— YOUR TASK —
Gather each line of the records where "white" appears.

Data extracted from a collection:
BEGIN
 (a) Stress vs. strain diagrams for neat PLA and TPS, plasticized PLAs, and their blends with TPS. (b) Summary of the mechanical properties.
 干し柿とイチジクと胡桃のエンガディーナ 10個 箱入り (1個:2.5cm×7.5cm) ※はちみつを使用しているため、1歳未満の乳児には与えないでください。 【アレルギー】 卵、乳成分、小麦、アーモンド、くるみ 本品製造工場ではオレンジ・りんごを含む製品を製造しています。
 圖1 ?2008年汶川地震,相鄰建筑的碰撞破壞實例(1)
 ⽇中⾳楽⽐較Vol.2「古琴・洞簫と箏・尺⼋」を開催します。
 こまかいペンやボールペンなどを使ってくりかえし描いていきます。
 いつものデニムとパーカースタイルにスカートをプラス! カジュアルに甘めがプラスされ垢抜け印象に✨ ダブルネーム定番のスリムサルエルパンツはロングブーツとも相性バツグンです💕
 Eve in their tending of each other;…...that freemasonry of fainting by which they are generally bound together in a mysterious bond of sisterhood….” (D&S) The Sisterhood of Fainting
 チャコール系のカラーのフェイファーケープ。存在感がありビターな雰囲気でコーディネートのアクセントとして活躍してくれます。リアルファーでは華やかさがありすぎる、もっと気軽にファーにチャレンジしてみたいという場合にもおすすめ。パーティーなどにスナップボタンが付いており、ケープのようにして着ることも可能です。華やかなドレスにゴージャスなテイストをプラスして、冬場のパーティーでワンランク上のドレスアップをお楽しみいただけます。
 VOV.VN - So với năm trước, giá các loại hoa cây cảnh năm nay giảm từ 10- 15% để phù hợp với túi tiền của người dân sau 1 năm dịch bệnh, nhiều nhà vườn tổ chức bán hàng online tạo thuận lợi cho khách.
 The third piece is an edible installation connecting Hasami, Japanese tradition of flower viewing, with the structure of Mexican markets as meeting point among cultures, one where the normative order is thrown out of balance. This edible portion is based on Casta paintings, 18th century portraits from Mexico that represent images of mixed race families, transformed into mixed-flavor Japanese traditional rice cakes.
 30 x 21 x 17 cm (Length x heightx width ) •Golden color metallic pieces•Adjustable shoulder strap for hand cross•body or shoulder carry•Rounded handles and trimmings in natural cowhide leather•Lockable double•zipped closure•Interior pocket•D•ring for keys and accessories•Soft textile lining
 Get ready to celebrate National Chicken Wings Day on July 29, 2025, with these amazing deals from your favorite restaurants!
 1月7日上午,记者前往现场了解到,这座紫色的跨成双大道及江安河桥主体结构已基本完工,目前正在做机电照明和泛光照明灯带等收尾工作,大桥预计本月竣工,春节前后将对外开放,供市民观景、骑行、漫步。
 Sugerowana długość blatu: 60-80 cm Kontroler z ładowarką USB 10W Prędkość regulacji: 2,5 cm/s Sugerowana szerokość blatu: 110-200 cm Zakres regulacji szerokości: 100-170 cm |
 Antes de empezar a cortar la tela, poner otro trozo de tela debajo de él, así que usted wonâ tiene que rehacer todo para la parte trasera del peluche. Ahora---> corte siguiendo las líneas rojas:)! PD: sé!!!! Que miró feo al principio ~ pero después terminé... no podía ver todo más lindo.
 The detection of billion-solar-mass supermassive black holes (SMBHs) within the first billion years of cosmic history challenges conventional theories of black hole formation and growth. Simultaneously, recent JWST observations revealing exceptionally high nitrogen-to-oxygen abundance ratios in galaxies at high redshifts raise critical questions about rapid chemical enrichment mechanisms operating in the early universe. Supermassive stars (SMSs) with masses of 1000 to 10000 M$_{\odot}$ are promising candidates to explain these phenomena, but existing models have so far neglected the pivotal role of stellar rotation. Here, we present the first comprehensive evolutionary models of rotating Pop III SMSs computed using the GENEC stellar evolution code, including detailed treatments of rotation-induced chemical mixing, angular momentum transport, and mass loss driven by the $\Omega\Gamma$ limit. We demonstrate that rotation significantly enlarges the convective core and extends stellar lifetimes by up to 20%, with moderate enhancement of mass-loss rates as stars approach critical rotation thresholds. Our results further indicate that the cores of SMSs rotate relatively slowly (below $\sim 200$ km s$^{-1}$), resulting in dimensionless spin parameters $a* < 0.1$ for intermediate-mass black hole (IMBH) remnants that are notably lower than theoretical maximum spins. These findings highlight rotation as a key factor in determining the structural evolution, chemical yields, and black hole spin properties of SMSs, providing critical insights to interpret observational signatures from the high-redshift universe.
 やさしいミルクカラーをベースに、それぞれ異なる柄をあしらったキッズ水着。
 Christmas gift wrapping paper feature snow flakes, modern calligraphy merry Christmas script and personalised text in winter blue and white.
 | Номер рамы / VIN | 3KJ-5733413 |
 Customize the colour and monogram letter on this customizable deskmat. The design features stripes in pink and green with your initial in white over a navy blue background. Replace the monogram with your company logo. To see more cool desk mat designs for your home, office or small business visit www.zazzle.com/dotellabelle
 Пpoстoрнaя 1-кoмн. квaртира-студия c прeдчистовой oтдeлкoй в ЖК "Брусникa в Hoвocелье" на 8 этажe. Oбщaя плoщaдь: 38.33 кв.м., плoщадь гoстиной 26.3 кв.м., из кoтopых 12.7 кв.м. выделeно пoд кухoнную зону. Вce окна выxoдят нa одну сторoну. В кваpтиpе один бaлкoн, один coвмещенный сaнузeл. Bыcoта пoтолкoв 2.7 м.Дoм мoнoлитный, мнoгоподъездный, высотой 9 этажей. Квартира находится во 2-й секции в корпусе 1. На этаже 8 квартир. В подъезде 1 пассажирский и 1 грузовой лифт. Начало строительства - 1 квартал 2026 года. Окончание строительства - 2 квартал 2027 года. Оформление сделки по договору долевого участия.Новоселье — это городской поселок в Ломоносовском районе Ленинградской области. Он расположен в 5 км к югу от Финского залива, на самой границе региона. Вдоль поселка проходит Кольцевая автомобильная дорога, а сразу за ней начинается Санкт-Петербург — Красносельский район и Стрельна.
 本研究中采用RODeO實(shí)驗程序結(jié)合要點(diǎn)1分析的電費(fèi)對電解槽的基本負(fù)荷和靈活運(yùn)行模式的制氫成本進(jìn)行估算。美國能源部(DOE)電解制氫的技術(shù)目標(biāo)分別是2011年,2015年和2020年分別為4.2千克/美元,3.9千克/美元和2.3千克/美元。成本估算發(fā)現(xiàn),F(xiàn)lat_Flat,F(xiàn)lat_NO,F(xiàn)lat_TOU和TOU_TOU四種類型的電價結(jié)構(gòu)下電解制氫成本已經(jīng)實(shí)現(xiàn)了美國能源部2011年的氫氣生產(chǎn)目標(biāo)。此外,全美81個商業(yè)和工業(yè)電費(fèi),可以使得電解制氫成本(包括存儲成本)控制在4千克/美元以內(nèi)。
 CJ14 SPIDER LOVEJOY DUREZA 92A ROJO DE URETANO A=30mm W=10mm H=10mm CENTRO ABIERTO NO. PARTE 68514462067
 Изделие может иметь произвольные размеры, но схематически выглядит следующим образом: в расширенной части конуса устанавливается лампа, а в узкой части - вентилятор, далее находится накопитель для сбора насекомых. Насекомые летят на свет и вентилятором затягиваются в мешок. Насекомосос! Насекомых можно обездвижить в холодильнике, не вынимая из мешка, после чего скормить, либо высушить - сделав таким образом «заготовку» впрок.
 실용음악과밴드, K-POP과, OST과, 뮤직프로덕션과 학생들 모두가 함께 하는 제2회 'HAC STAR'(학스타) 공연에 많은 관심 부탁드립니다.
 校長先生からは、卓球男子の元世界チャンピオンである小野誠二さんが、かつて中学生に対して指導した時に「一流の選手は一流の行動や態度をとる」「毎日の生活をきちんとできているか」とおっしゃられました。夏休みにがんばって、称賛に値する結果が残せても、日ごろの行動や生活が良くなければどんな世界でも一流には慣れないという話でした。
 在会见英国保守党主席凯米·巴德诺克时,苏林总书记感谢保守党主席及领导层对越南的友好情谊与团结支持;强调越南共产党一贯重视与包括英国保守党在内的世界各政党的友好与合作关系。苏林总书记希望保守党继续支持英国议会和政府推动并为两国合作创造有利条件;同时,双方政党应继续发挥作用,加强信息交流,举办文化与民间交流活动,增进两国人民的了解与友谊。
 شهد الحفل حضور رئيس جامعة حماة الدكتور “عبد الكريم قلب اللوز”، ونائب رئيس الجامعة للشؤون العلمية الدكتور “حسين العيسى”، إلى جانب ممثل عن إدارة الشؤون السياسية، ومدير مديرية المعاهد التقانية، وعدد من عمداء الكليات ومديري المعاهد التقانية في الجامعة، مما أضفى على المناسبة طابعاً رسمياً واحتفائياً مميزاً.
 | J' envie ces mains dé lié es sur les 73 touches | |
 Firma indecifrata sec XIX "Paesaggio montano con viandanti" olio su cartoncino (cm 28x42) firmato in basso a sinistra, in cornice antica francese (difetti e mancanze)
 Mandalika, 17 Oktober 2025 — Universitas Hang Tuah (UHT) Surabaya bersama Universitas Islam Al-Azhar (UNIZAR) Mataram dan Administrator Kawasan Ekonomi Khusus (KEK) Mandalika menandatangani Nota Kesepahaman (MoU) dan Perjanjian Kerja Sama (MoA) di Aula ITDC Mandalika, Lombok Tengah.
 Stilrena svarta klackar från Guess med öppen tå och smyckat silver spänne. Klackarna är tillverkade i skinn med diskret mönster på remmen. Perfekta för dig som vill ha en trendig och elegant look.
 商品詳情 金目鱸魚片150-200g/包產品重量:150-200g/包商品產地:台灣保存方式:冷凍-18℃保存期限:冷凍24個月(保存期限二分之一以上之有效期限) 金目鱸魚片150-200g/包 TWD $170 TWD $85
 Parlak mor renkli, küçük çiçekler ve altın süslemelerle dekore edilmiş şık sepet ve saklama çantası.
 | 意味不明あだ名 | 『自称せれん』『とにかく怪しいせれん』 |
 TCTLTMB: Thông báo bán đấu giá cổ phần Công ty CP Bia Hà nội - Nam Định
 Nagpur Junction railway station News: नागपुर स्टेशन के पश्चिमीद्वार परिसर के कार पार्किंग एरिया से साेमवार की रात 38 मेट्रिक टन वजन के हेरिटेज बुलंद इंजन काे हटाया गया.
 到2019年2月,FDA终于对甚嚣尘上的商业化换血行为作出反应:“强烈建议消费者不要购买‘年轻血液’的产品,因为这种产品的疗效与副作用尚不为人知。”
END
— EXPECTED ANSWER —
 Christmas gift wrapping paper feature snow flakes, modern calligraphy merry Christmas script and personalised text in winter blue and white.
 Customize the colour and monogram letter on this customizable deskmat. The design features stripes in pink and green with your initial in white over a navy blue background. Replace the monogram with your company logo. To see more cool desk mat designs for your home, office or small business visit www.zazzle.com/dotellabelle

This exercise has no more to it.